*** Opening of SUPPLIED DATA ***
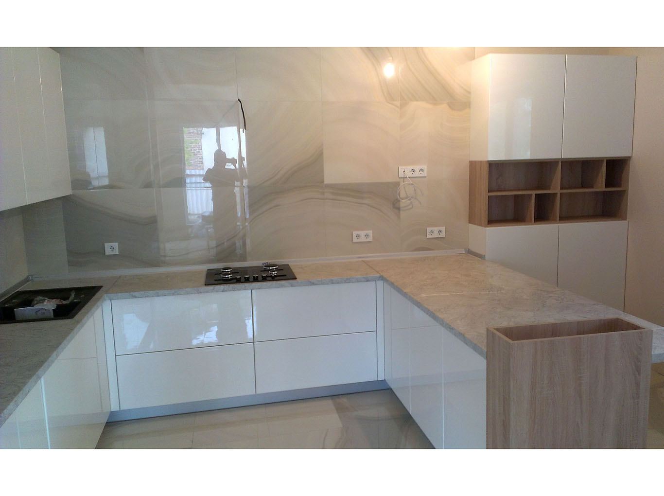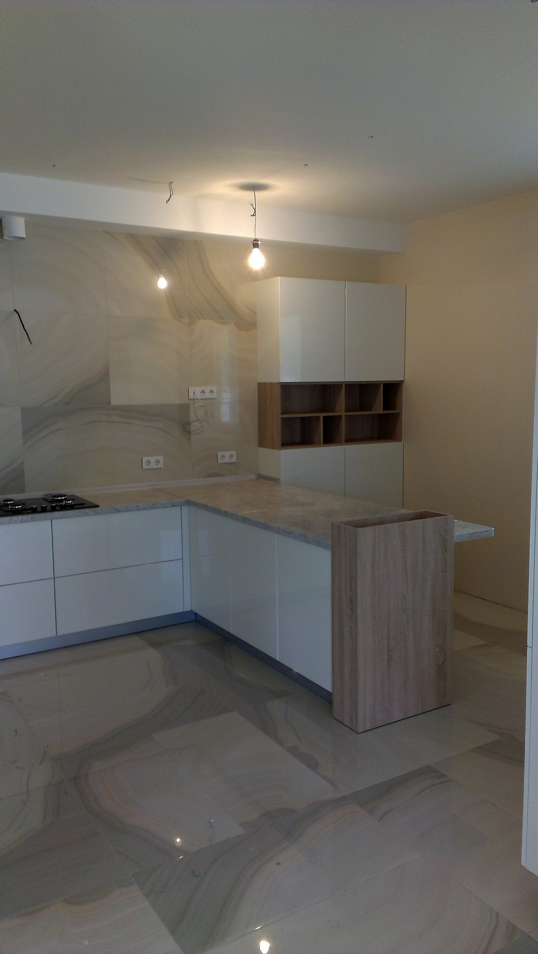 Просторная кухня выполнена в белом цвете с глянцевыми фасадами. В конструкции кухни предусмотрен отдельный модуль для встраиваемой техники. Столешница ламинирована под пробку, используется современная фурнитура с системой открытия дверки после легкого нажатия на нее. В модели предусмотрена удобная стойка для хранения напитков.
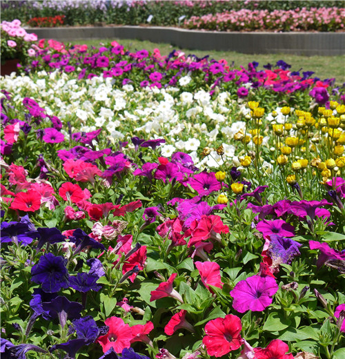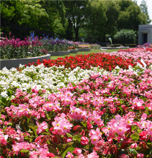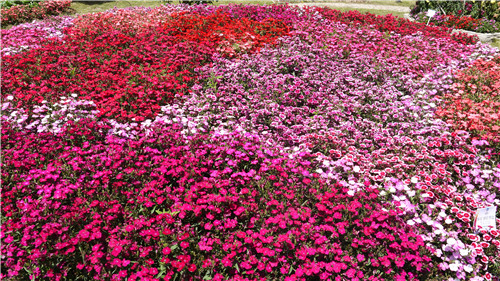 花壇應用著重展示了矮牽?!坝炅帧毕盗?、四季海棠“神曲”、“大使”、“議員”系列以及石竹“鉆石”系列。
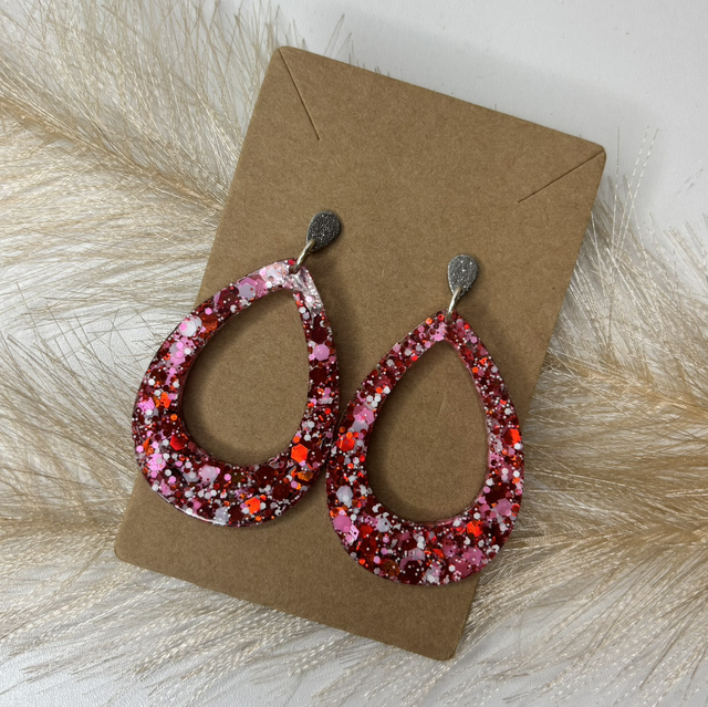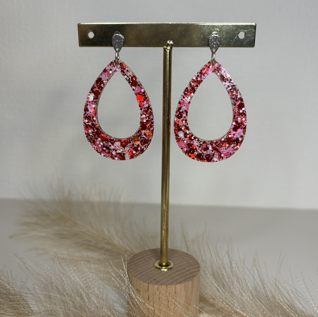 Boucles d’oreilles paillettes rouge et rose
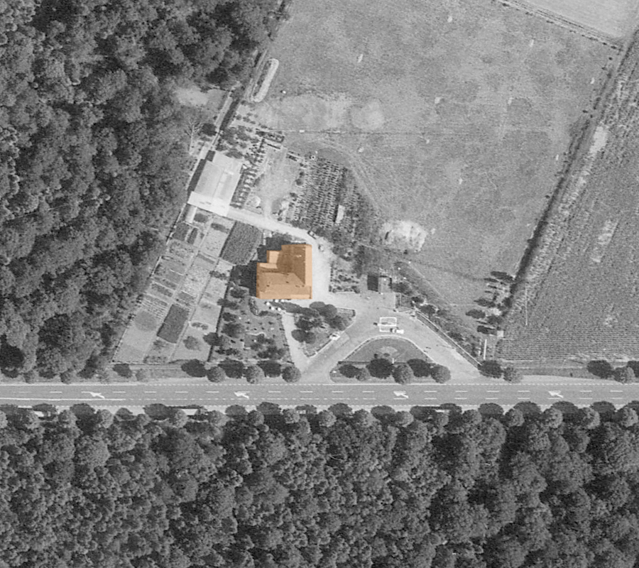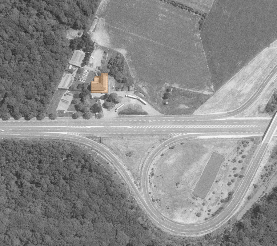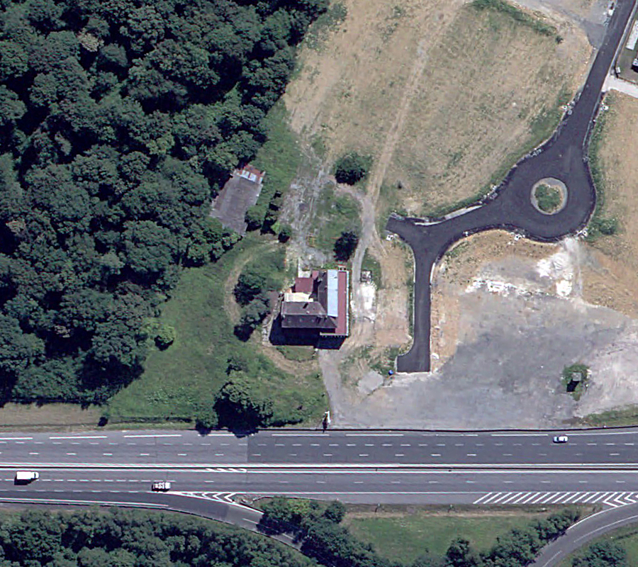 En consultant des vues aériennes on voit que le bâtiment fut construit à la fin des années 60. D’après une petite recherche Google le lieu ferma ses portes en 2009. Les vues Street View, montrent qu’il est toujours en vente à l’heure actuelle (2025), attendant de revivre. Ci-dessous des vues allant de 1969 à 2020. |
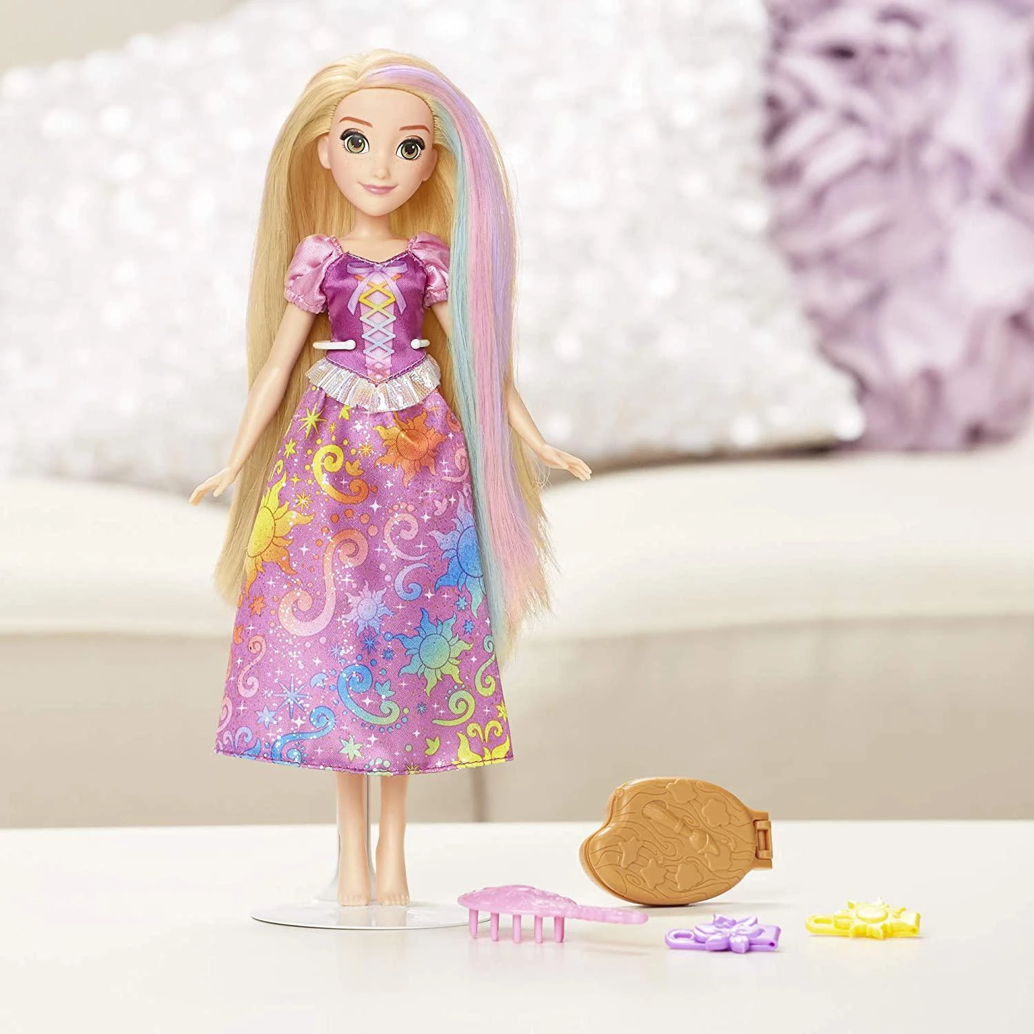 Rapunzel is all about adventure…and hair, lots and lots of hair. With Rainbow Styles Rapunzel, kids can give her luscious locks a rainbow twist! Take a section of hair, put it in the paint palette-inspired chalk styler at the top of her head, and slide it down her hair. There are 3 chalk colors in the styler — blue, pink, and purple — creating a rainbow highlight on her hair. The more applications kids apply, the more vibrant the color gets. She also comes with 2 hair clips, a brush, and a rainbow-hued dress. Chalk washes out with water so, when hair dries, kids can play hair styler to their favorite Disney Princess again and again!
*** Close of SUPPLIED DATA ***
DIRECTIONS -> Transcribe nothing but the lines from the one containing "花壇應用著重展示了矮牽?!坝" through the final line of the records, exactly as written and without pictures.

SOLUTION TO THIS TASK ->
 花壇應用著重展示了矮牽?!坝炅帧毕盗?、四季海棠“神曲”、“大使”、“議員”系列以及石竹“鉆石”系列。
 Boucles d’oreilles paillettes rouge et rose
 En consultant des vues aériennes on voit que le bâtiment fut construit à la fin des années 60. D’après une petite recherche Google le lieu ferma ses portes en 2009. Les vues Street View, montrent qu’il est toujours en vente à l’heure actuelle (2025), attendant de revivre. Ci-dessous des vues allant de 1969 à 2020. |
 Rapunzel is all about adventure…and hair, lots and lots of hair. With Rainbow Styles Rapunzel, kids can give her luscious locks a rainbow twist! Take a section of hair, put it in the paint palette-inspired chalk styler at the top of her head, and slide it down her hair. There are 3 chalk colors in the styler — blue, pink, and purple — creating a rainbow highlight on her hair. The more applications kids apply, the more vibrant the color gets. She also comes with 2 hair clips, a brush, and a rainbow-hued dress. Chalk washes out with water so, when hair dries, kids can play hair styler to their favorite Disney Princess again and again!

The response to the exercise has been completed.